[[ Material provided, beginning ]]

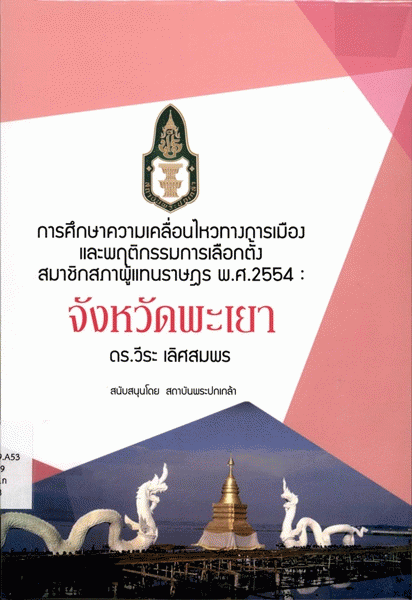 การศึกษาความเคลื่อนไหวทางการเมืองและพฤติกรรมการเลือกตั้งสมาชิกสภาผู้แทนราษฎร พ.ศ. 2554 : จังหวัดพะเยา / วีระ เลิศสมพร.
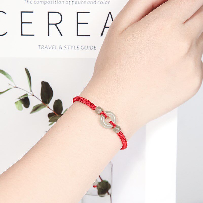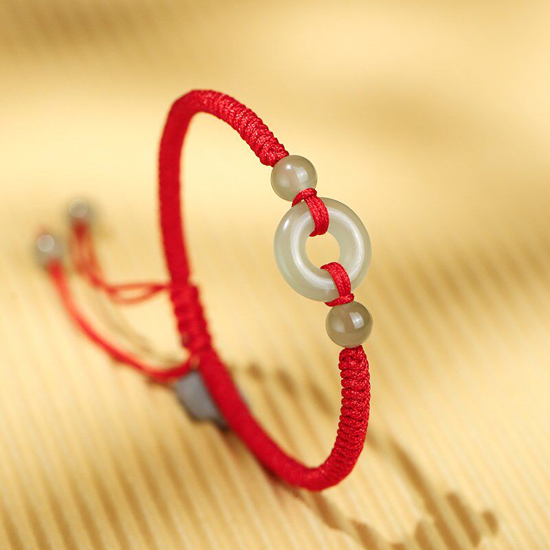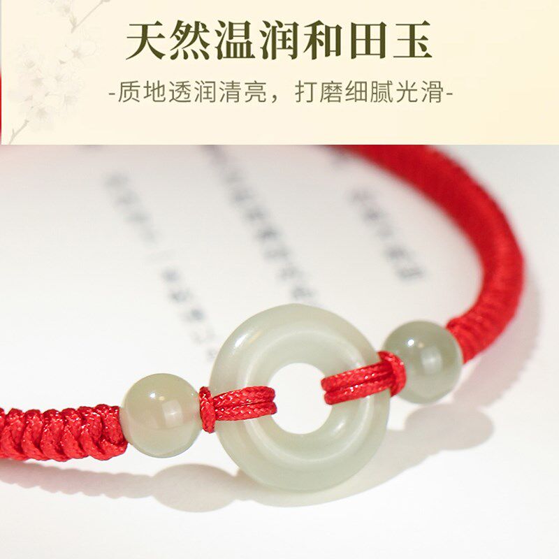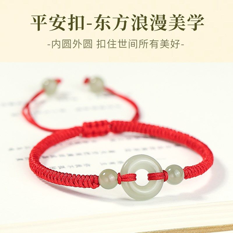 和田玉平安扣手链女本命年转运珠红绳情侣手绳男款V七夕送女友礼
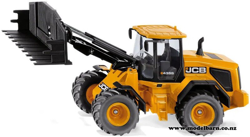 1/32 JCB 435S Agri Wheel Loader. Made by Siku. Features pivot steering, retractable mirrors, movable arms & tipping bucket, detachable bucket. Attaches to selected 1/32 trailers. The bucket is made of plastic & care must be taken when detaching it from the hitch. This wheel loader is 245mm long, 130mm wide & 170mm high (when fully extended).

[[ Material provided, end ]]

[The problem] When you copy the listing, keep every line exactly as it is but leave out all images.

[Solution to this problem]
 การศึกษาความเคลื่อนไหวทางการเมืองและพฤติกรรมการเลือกตั้งสมาชิกสภาผู้แทนราษฎร พ.ศ. 2554 : จังหวัดพะเยา / วีระ เลิศสมพร.
 和田玉平安扣手链女本命年转运珠红绳情侣手绳男款V七夕送女友礼
 1/32 JCB 435S Agri Wheel Loader. Made by Siku. Features pivot steering, retractable mirrors, movable arms & tipping bucket, detachable bucket. Attaches to selected 1/32 trailers. The bucket is made of plastic & care must be taken when detaching it from the hitch. This wheel loader is 245mm long, 130mm wide & 170mm high (when fully extended).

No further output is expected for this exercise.